I’m 13 and my parents divorced when I was four. I know they won’t get back together, and I’m completely fine with that. The thing is, they both have started dating. My mom is dating this really nice guy, so all is good there. On the other hand, my dads dating this woman who’s a complete gold digger. She’s mean and has a fake accent, and is only with him for the money. I have told him how I feel, but he honestly doesn’t care. He spends more time with her than he does with me, and it really hurts me.
my mum and dad have been split (not divorced) for a while, and I was fine with it. but then I found out that my mum is dating another guy in secret, and I feel so guilty, because I thought my dad knew, and I told him. He didn’t know.I feel so lost now because my mum is blocking me out from anything to do with her personal life, and I act like the divorce doesn’t bother me, but It hurts me sosososososososososososososo much, and I remember seeing my mum and dad kiss on valentine’s day, and thinking it was gross. I would do anything to see that one more time. and I REALLY hate my mum’s boyfriend. I just want to go home, but I don’t even know where that is anymore……

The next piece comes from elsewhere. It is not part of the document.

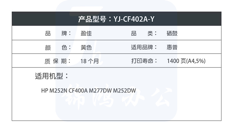盈佳YJ CF402A(201A)黄鼓-1.4K(带芯片)
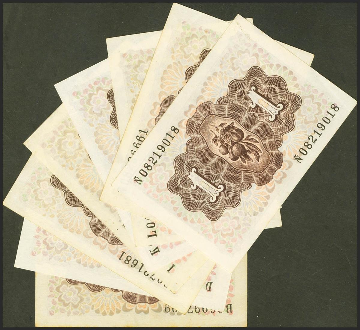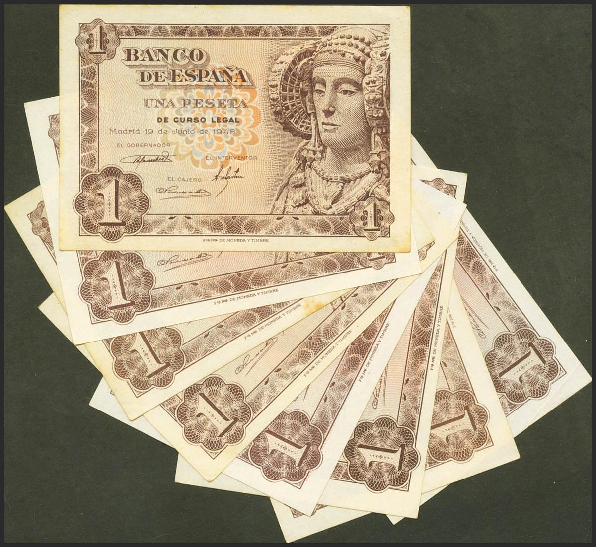 Conjunto de 8 billetes de 1 Peseta de 19 de Junio de 1948, con las series B, D, H, I, K, L, Ñ (2), respectivamente (Edifil 2021: 457a). SC-/EBC+.

I am so sorry for what you are going through. I know it’s got to hurt! As for your mom’s secrets, it’s not your job to keep and it shouldn’t be. Don’t feel guilty about that at all. Secondly, you need to find someone to talk to. You can’t keep it all bottled up inside or eventually you will explode. Find a trusted adult or friend that can listen and empathize with what you’re feeling. Talk to someone who has been through something similar. Find a local support group for children of divorce. Chat with us here on I Am A Child of Divorce. Whatever you do, you have to do something. Keeping it bottled up is the worst thing you can do. As for your mom, I think you need to sit down and talk to her. Tell her that you feel like she is shutting you out and that it hurts.

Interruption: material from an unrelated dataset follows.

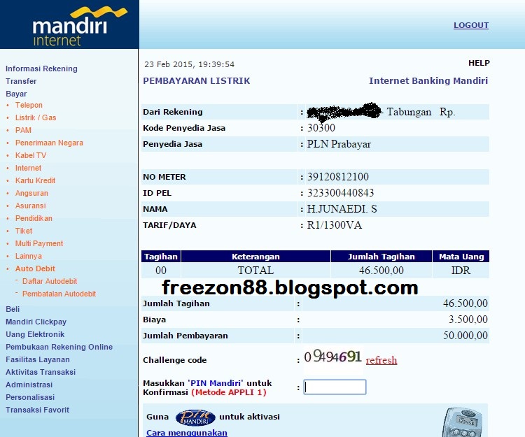 Cara mudah beli voucer/pulsa listrik prabayar dengan Internet banking mandiri. Bagi pengguna internet banking banyak kelebihan-kelebihan yang ditawarkan. Salah satunya adalah dengan pembelian voucer listrik pln prabayar.Sebenarnya saya sudah lama menggunakan fasilitas internet banking, namun baru kemarin saya mencoba untuk melakukan pembelian voucer listrik. Caranya sangat mudah, yang perlu dipersiapkan adalah koneksi internet dan token. Nah bagi pengguna internet banking pasti sudah tidak asing lagi dengan namanya token.Oke, langsung saja berikut cara membeli voucer listrik dengan menggunakan internet banking bank mandiri.1. Login ke internet banking mandiri, perhatikan menu sebelah kiri, pilih bayar – listrik/gas, maka akan muncul tampilan seperti gambar dibawah ini:Cara pengisiannya :Dari rekening, pilih rekening tabungan anda. Penyedia layanan pilih PLN Prabayar. IDPEL/ No Meter isi dengan nomor meter listrik anda dan amount isi dengan jumlah pulsa listrik yang akan anda beli. Misalnya anda ingin membeli pulsa listrik 50rb isi dengan 50.000. setelah itu klik lanjutkan.2. Selanjutnya perhatikan tampilan layar berikutGambar diatas adalah keterangan dari nama dan ID PEL yang tadi anda masukkan dan keterangan jumlah tagihan. Untuk melanjutkan centang/ceklis disamping kolom Mata Uang untuk menyetujui pembayaran dan klik lanjutkan.3. Konfirmasi pembayaran dengan menggunakan tokenUntuk ini anda harus menggunakan token. Hal ini agar pembayaran voucer listrik bisa diselesaikan. Untuk penggunaan token pasti pengguna internet banking sudah mengetahuinya. Karena pada saat pengajuan internet banking, sudah diajarkan cara penggunaan token.4. Transaksi pembelian pulsa listrik elektrik berhasilJika anda sudah memasukkan kode konfirmasi dari token, klik lanjutkan untuk mengakhiri pembayaran. Setelah itu maka akan muncul tampilan seperti gambar diatas yang mengatakan pembayaran anda telah berhasil. Pada gambar diatas juga sudah tersedia token yang langsung dapat anda isikan di meteran listrik prabayar. Selamat mencoba. -

Hi! I’m Dessie. Im having a tough time. Im 10 and my parents are divorced. My mom has been lying to me. She’s been seeing someone for 5 months. My dad has also been not telling me. Sometimes when. My dad sits beside me I’ll get a sneak peek of what and who he’s texting. It’s a woman, and they text xoxo back and fourth. My parents have been divorced for 1 full year. I know that’s not that long but I still want my parents to tell me things. The bright side is is that a lot of my friends parents are divorced, so usually they can make me feel better. But they always have lots of time for me!! Please help!!
Dessie,
I understand why you want your parents to tell you things so you don’t feel kept in the dark. I would encourage you to sit down with them and tell them that you know that they’re dating and you wish they would just let you know what’s going on. Do it in a respectful way. It may be that your parents are “hiding” this stuff because they are afraid of hurting you more than you’ve already been hurt by the divorce. I’m glad to hear that you do have people in your life who you can talk to though. You’re definitely going to need that! Let us know how it goes.